Summation of two distance matrices to obtain a third “common” distance matrix (environmental context)

Question

Summation of two distance matrices to obtain a third “common” distance matrix (environmental context)

I am an ecologist using mainly vegan R.

I have 2 matrices (number x x x) (see data below):

matrix 1 / nrow = 6replicates * 24sites, ncol = 15 species (fish) matrix 2 / nrow = 3replicates * 24sites, ncol = 15 species (fish)

In both matrices, the sites are the same. I want to get a general resemblance to my brother (taking into account both matrices) among pairs of sites. I see 2 options:

option 1, averaging over the replicas (at the scale of the plot) of fish and the abundance of macrovertebrates, cbind two average abundance matrices (nrow = 24sites, ncol = 15 + 10 average abundances) and the calculation of bray-curtis.

option 2 for each assembly, calculating the bray-curtis dissimilarity between pairs of nodes, calculating the distances between the centroids of sites. Then we summarize the two distance matrices.

If I do not understand, I did these 2 operations in the R codes below.

Please could you tell me if option 2 is correct and more suitable than option 1.

thank you in advance.

Pierre

here below R code examples

data generation

library(plyr);library(vegan) #assemblage 1: 15 fish species, 6 replicates per site a1.env=data.frame( Habitat=paste("H",gl(2,12*6),sep=""), Site=paste("S",gl(24,6),sep=""), Replicate=rep(paste("R",1:6,sep=""),24)) summary(a1.env) a1.bio=as.data.frame(replicate(15,rpois(144,sample(1:10,1)))) names(a1.bio)=paste("F",1:15,sep="") a1.bio[1:72,]=2*a1.bio[1:72,] #assemblage 2: 10 taxa of macro-invertebrates, 3 replicates per site a2.env=a1.env[a1.env$Replicate%in%c("R1","R2","R3"),] summary(a2.env) a2.bio=as.data.frame(replicate(10,rpois(72,sample(10:100,1)))) names(a2.bio)=paste("I",1:10,sep="") a2.bio[1:36,]=0.5*a2.bio[1:36,] #environmental data at the sit scale env=unique(a1.env[,c("Habitat","Site")]) env=env[order(env$Site),]

OPTION 1, averaging abundance and cbind

 a1.bio.mean=ddply(cbind(a1.bio,a1.env),.(Habitat,Site),numcolwise(mean)) a1.bio.mean=a1.bio.mean[order(a1.bio.mean$Site),] a2.bio.mean=ddply(cbind(a2.bio,a2.env),.(Habitat,Site),numcolwise(mean)) a2.bio.mean=a2.bio.mean[order(a2.bio.mean$Site),] bio.mean=cbind(a1.bio.mean[,-c(1:2)],a2.bio.mean[,-c(1:2)]) dist.mean=vegdist(sqrt(bio.mean),"bray")

OPTION 2, calculating for each assembly distance between centroids and summing the matrix of 2 distances

 a1.dist=vegdist(sqrt(a1.bio),"bray") a1.coord.centroid=betadisper(a1.dist,a1.env$Site)$centroids a1.dist.centroid=vegdist(a1.coord.centroid,"eucl") a2.dist=vegdist(sqrt(a2.bio),"bray") a2.coord.centroid=betadisper(a2.dist,a2.env$Site)$centroids a2.dist.centroid=vegdist(a2.coord.centroid,"eucl")

summing two distance matrices using a Gavin Simpson fuse ()

 dist.centroid=fuse(a1.dist.centroid,a2.dist.centroid,weights=c(15/25,10/25))

summation of two Euclidean distance matrices (due to correction by Jari Oksanen)

 dist.centroid=sqrt(a1.dist.centroid^2 + a2.dist.centroid^2)

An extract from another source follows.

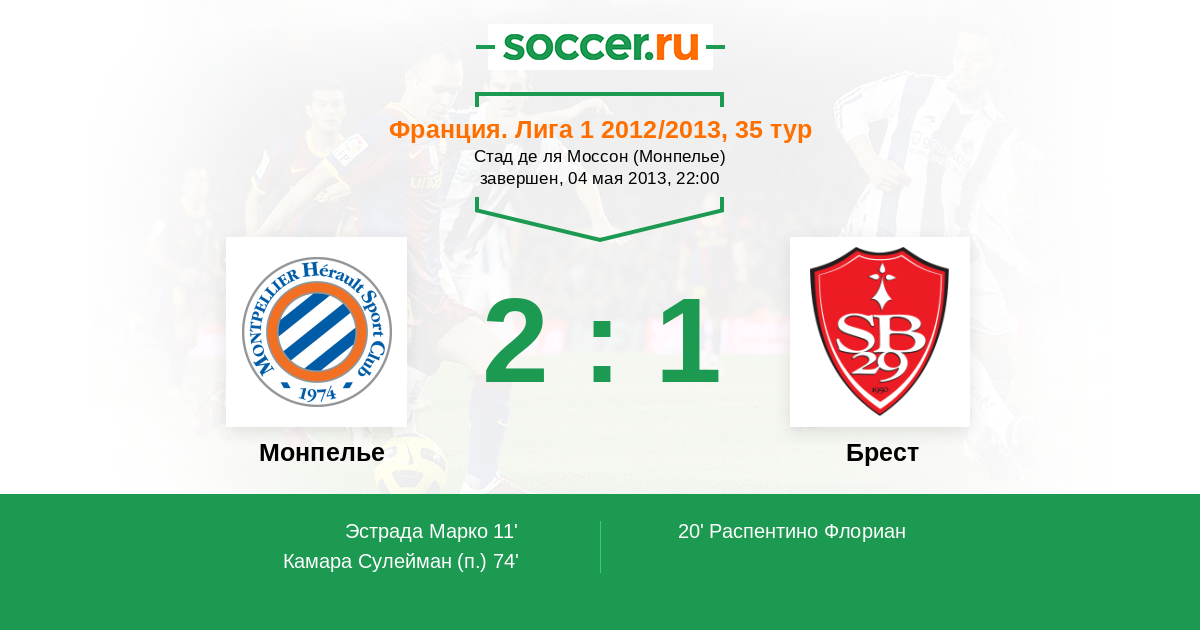 Протокол матча Монпелье против Брест

and "coord.centroid" below for further remote analysis (is this correct?)

 coord.centroid=cmdscale(dist.centroid,k=23,add=TRUE)

COMPARISON OF OPTION 1 AND 2

 pco.mean=cmdscale(vegdist(sqrt(bio.mean),"bray")) pco.centroid=cmdscale(dist.centroid) comparison=procrustes(pco.centroid,pco.mean) protest(pco.centroid,pco.mean)

+6

matrix r distance centroid vegan

Pierre Jan 24 '14 at 12:39

source share

3 answers

Gavin simpson · Answer 1 · 2014-01-25T15:32:18+0000

A simpler solution is simply to flexibly combine the two dissimilarity matrices by weighing each matrix. Weights need to be summed to 1. For two dissimilarity matrices, the inconsistency matrix is easy

 d.fused = (w * dx) + ((1 - w) * dy)

where w is a numerical scalar (length 1 vector). If you have no reason to weigh one of the sets of differences more than the other, just use w = 0.5 .

I have a function to do this for you in my analog package; fuse() . Example from ?fuse -

  train1 <- data.frame(matrix(abs(runif(100)), ncol = 10)) train2 <- data.frame(matrix(sample(c(0,1), 100, replace = TRUE), ncol = 10)) rownames(train1) <- rownames(train2) <- LETTERS[1:10] colnames(train1) <- colnames(train2) <- as.character(1:10) d1 <- vegdist(train1, method = "bray") d2 <- vegdist(train2, method = "jaccard") dd <- fuse(d1, d2, weights = c(0.6, 0.4)) dd str(dd)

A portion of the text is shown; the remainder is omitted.